So even nearly-neutral deletirious mutations in bacteria have an impact on the phenotypic level on which natural selection can happen. If you propose that in eukaryotes deleterious mutations have no effect on the phenotype, I should be fascinated to know in what sense they are deleterious.
Likewise, beneficial mutations are rapidly fixed in a population, and the fast accumulation of such mutations makes the optimization of bacteria populations to new conditions very fast (sometimes in a matter of days) Thus, there is no muller's ratchet in those populations. You might want to look up the term: "Muller's ratchet". It is, by definition, a mechanism which causes the accumulation of deleterious mutations in asexually reproducing organisms. Such as bacteria.
There is not much difference between the noise in yeast and in bacterias, and so again no muller's ratchet. Again, you should define "noise", look up Muller's ratchet, and try to provide a shred of a scrap of a scintilla of evidence for anything you're saying.
The difference I could see would be in their mutations rates. Eukaryotic (if I'm not mistaken) have more efficient mutation-correcting mechanisms which would slow down any adaptation compared to bacterias. And presumably would also "slow down" these hypothetical mutations which cause extinction but are invisible to natural selection. P.S: YEAST IS A EUKARYOTE. I may have mentioned it once or twice. If your excuse depends on the genetic differences between prokaryotes and eukaryotes, then it does not apply to yeast.

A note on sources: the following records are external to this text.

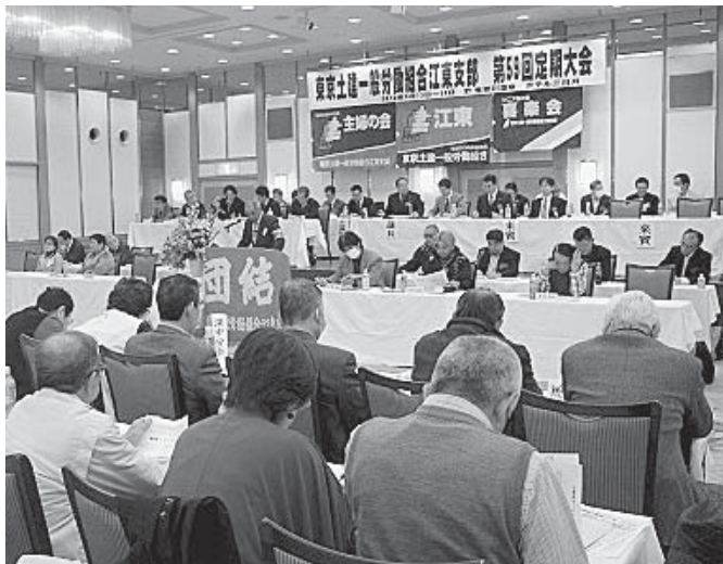
124人が熱心に討議した本会議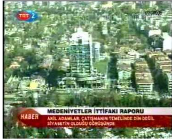
Resim 1. (13 Kasım 2006 TRT 2 Anahaber Bülteni)

Resim 1’de habere konu olan alan, çok uzak bir ölçekle verilmektedir. Böylece konunun kapsayıcı alanının genişliğine dikkat çekilmektedir. Çok uzak çekim ölçeğiyle verilen bu görüntünün dahil olduğu haber, “Medeniyetler İttifakı” başlığıyla verilmiştir. Dolayısıyla bütün medeniyetleri kapsayan ve kucaklayan bir içeriği anlatan haber, görüntünün bu ölçekle verilmesiyle bütünleşmiştir. Habere konu olan Medeniyetler İttifakı toplantısı, İstanbul’da gerçekleşmiştir. Söz konusu çekimin alt yapısı okunduğunda, özellikle görüntülerde İstanbul’un verilmesiyle haber içeriğinde yer alan bütünleştirici öğeye vurgu yapıldığı anlaşılmaktadır. Benzer şekilde İstanbul’un iki kıtayı (Asya-Avrupa) ve üç dini birleştirici özelliğinin ön plana çıkartıldığı algılanmaktadır. Görüntülerde bu tür ölçeğin kullanılmasıyla ayrıca Müslüman dünyanın batıyla bağlantısını sağlayan İstanbul’un Avrupa’ya ve Avrupa Birliği’ne açılan kapısı olduğu da anımsatılmaktadır.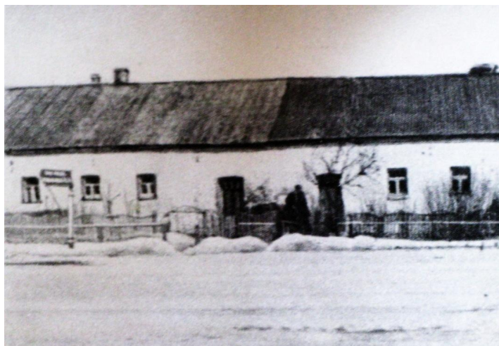
Фото 1970 г.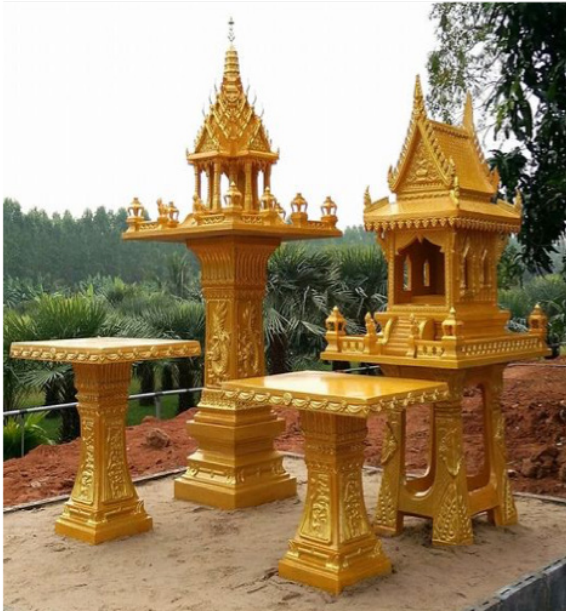
ปูชนียสถาน ศาลพระภูมิ และศาลเจ้าที่

การที่ภูมิปัญญาไทยเรียกปูชนียสถานที่ประดิษฐานรูปเคารพและสัญลักษณ์ของสิ่งศักดิ์สิทธิ์รูปแบบต่าง ๆ เช่น ศาลพระภูมิ ศาลเจ้าที่ ศาลหลักเมือง ใช้เรียกปูชนียสถานที่ประดิษฐานพระบรมรูปปั้น พระบรมรูปหล่อ พระบูรพมหากษัตริย์ เช่น ศาลสมเด็จพระนเรศวรมหาราช ศาลสมเด็จพระเจ้าตากสินมหาราช และเรียกปูชนียสถานที่ประดิษฐานพระรูปหล่อเสด็จในกรมหลวงชุมพรฯ ที่มีจำนวนนับร้อยแห่งทั่วประเทศด้วยคำว่า “ศาล” เหมือนกันหมดนั้นไม่ใช่เพราะภูมิปัญญารู้จักแต่คำว่า “ศาล” เท่านั้น ไม่ใช่เพราะภูมิปัญญาไทยไม่รู้หลักเกณฑ์การใช้คำราชาศัพท์และไม่ใช้เพราะภูมิปัญญาไทยเป็นพวกหัวโบราณ ๙ ไม่ยอมปรับปรุง เปลี่ยนแปลง แต่เป็นเพราะภูมิปัญญาไทยตระหนักในคุณค่าของคตินิยม และขนบธรรมเนียมประเพณีที่ถูกต้องดั่งาม ที่บรรพบุรุษอุตสาหะสั่งมอบเป็นมรดก จึงพยายามรักษาและสืบทอด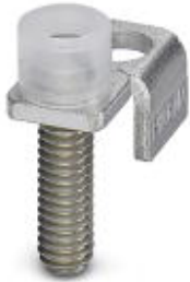
Chain bridge, Number of positions: 1, Color: silver

Please be informed that the data shown in this PDF Document is generated from our Online Catalog. Please find the complete data in the user's documentation. Our General Terms of Use for Downloads are valid ( http://phoenixcontact.com/download )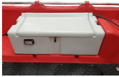
BAKISTA BOCZNA 770 zł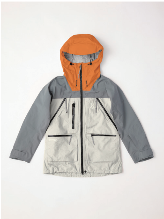
5PM Steel Blue/Stone Grey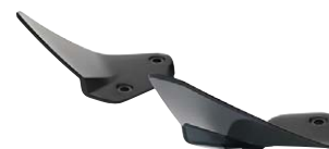
8 Windabweiser getönt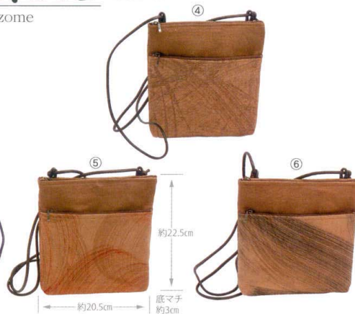
柿渋染 手描き2Fポシェット 2,000円(税抜) (KS-111)

①865574 柿渋柄 ②850570 墨柄 ③850587 弁柄 約15×H18×底マチ2cm・(ショルダー)約120cm/重さ約45g/ファスナー開閉 材質:(本体)綿・(ショルダー)アクリル編引き・(付属パーツ)天然木

Funny how E.Coli capable of feeding on citrate had already been identified in the past, but were nonetheless recognized as mutant E.Coli Not at all funny. As with Lenski's experiment, they knew that they were looking at E. coli.
You would not find Lenski's bacteria in the wild if 'the wild' would be in oxygen rich conditions. You have to remember that it was known before Lenski's experiment that E.Coli could ''feed'' on citrate in anaerobic conditions. Lenski put his E.Coli in a very citrate-rich environnment, with very little glucose, keeping them in some sort of starvation mode so that if a mutation could get the citrate inside the cell, it would be beneficial due to a high concentration of citrate. And they adapted to these conditions. Rather than, for example, going extinct. Biology: 1; Creationist gibberish: 0.

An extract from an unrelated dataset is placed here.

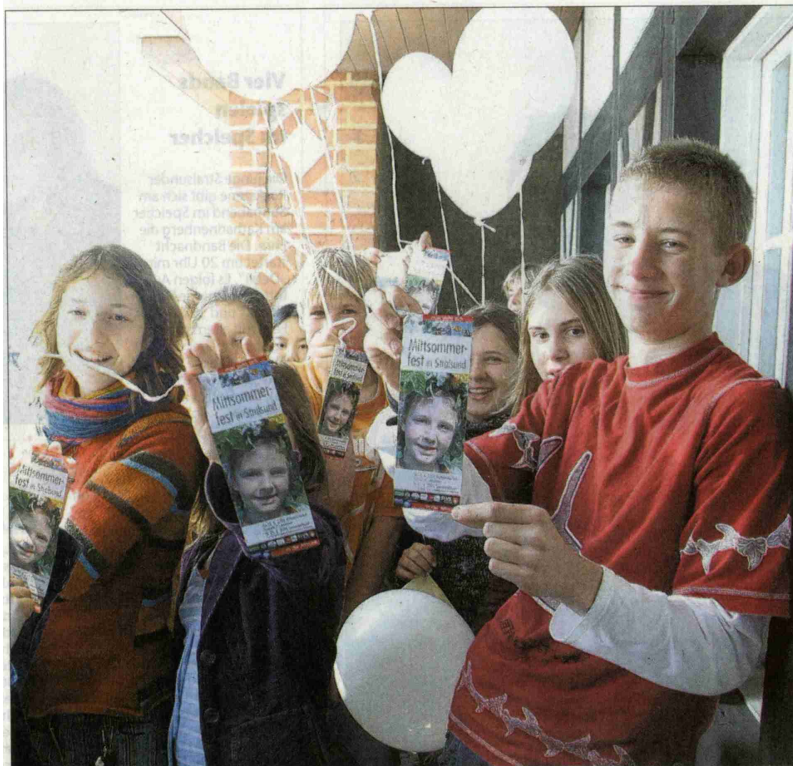
Vom Turm des Hansa-Gymnasiums schickten gestern Mädchen und Jungen der 6b Luftballons mit Einladungen zum Stralsunder Mittsommerfest am 18. Juni auf die Reise.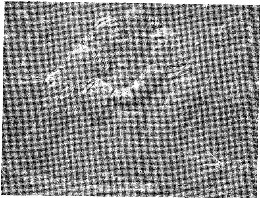
Grga Antunac, Susret Josipa i oca Jakova , detalj brončanih vratnica sjev. pobočnog portala šibenske katedrale

Te neprestane ljudske suprotnosti, opisane u vječnoj živoj riječi Biblije, Antunac je majstorski ostvario u tih osam četvorina. U prvi plan on postavlja

Although the fitness of the bacteria has increased, it has come at a cost: Of course. All adaptations come at a cost.
If you take Lenski's E.Coli, and give them an abundance of glucose, they will not only regain their ability to feed on it, they will also loose their citrate-feeding capability Evolution strikes again!
Put them in different environnments, and they will develop different 'new traits' accordingly. But all in all, they will always remain E.Coli. Apart from not having one of the defining characteristics of E. coli. Just like, "all in all", humans are still monkeys. Edited by Dr Adequate, : No reason given. Edited by Dr Adequate, : No reason given.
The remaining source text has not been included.